Introduction: Nietzsche's Aristocratism
Will it ever be possible to solve the puzzle concerning Nietzsche's attitude towards politics? Did he harbour any political convictions, and if so can they be identified? Was he an anarchist or post-anarchist, a harbinger for democracy, a closet monarchist, a Bonapartist, an avant-garde fascist or a radical aristocrat? Or did he remain tenaciously anti-political throughout his life? This book propounds 'De Theognide Megarensi' (DTM) as one missing piece of the puzzle. DTM, a text that has barely attracted scholarly attention, was Nietzsche's valedictorian dissertation at Pforta. It marked the completion of his Gymnasium years, which were devoted mainly to classical philology. Later on, in the Preface to his second Untimely Meditations (UM), he rightly claimed that he was 'a pupil of ancient times, above all the Greek' (KSA I, 247). He also admitted that untimeliness was the only purpose and significance of classical philology. By this he meant that classical philology could only attain historical significance if it 'acted counter to our time and thereby acted on our time and, hopefully, for the benefit of a time to come' (KSA I, 247). With this statement he acknowledged that, in his hands, classical scientific philology had turned into what I would describe as political philology. In DTM, the earliest of his untimely writings, Nietzsche may be said to have acted counter to his time. He understood the Greek elegiac poet Theognis to be a child of his time and, in this much, he moved counter to scientific philology. Theognis' elegies attained significance only when understood as a response to his political circumstances. In its own untimeliness this early text by Nietzsche may be seen as an early manifestation of Zukunftsphilologie (cf. Porter, 2000: 226–7) and serve to illuminate Nietzsche's later ethical and political concerns. The feelings that his early acquaintance with Theognis aroused in him would remain throughout his life. He owed to Theognis his own aristocratism, to which he adhered in order to act contrary to his own time and for the benefit of a time to come. After all, Nietzsche considered the task of philologists to be to achieve a 'better understanding of their own epoch by means of classical antiquity' (Nietzsche, 1966: III, 325; emphasis in the original).

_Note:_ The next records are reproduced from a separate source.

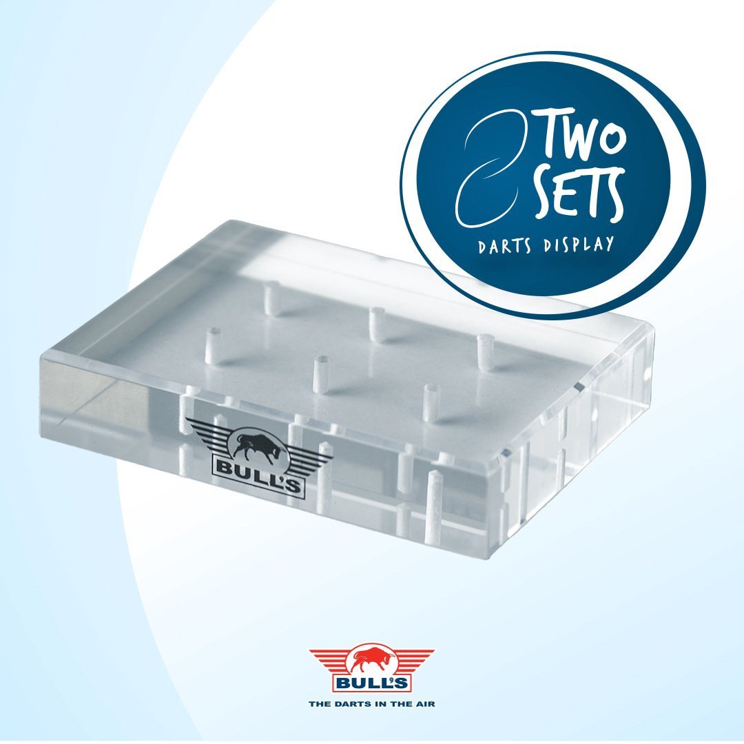 The clear Bull's Two-set Darts Display is a straightforward, but intriguing, dart display. The flat minimalistic shape of this stand gives your darts a wonderful look when they are not flying. Two fully constructed sets of darts can be stored in this stand, for a total of 6 darts!
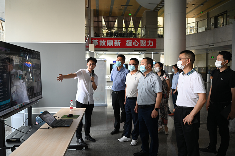 来到中国电信乐山分公司一楼大厅,董事长黄成勇、副总经理王军、鄢志远首先参观了电信公司自主研发的魔镜监控系统、I乐山平台、云主机以及定制5G展示。
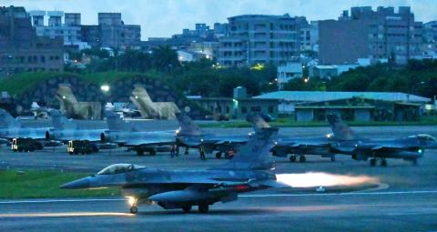 Additionally, four Indigenous Defense Fighters simulated an emergency landing from Taichung’s Ching Chuan Kang (清泉崗) Air Base to Hualien Air Base, sources said.
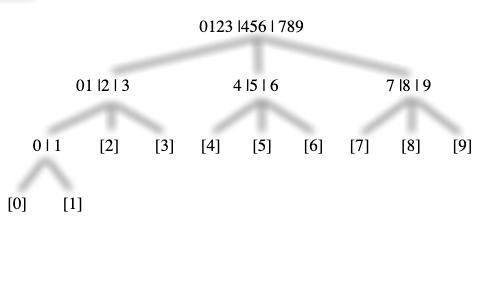 For example 0123|456|789 represented the questionDoes “m: belongs to {0, 1, 2, 3}, to {4, 5, 6}, or to {7, 8, 9}?"

Theognis' life in Megara, his lyrical production and his views on the gods, morality and politics were the theme of DTM (1864), which Nietzsche wrote when he was nineteen years old. A few years later, he resumed his research as a student at Leipzig, and in 1867 the finished product became his first publication – 'Zur Geschichte der Theognideischen Spruchsammlung' (GTS). This was a text in which he put to use his formidable philological talents in attempting to decipher the enigma surrounding the redaction of the Theognidean corpus, its repetitions, fragmentation and multiple interpolations. But, it seems to me, Nietzsche's ultimate aim was once more political and not strictly philological. In 1826, Friedrich Gottlieb Welcker published his edition of the Theognidea and supported the traditional view that, since this was no more than a collection of aphorisms, Theognis ought to be considered a gnomic poet (cf. Welcker, 1826: lxxi). Because the fragments lacked consistency of content and tone, no unified ethical viewpoint or political position could be attributed to him. Nietzsche, in contrast, thought that a unified portrait of Theognis' life and times could be drawn by means of a more systematic reading of the fragments, and that this would help to elucidate Theognis' ethics and politics. Recognition of his aristocratism and his reaction to the historic collapse of Megara's aristocratic hegemony during the sixth century provided the social and political context that would allow a sound interpretation of Theognis' writings.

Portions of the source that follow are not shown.